The following data has a line with "Der oval geschnittene" and a line with "Le gode Odin". Write out exactly those lines and all the lines between them.

**Data in this exercise:**
◆ ◆ ◆ ◆ ◆ ◆ ◆
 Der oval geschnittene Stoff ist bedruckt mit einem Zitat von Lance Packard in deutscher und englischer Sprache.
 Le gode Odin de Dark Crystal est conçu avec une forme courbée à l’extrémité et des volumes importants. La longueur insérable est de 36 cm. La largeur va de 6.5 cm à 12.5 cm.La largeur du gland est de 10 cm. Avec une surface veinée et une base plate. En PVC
◆ ◆ ◆ ◆ ◆ ◆ ◆
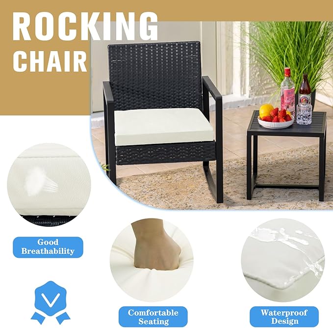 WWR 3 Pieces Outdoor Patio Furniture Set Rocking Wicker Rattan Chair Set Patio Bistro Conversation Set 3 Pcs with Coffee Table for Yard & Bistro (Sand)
◆ ◆ ◆ ◆ ◆ ◆ ◆
**Reply to the task:**
 Der oval geschnittene Stoff ist bedruckt mit einem Zitat von Lance Packard in deutscher und englischer Sprache.
 Le gode Odin de Dark Crystal est conçu avec une forme courbée à l’extrémité et des volumes importants. La longueur insérable est de 36 cm. La largeur va de 6.5 cm à 12.5 cm.La largeur du gland est de 10 cm. Avec une surface veinée et une base plate. En PVC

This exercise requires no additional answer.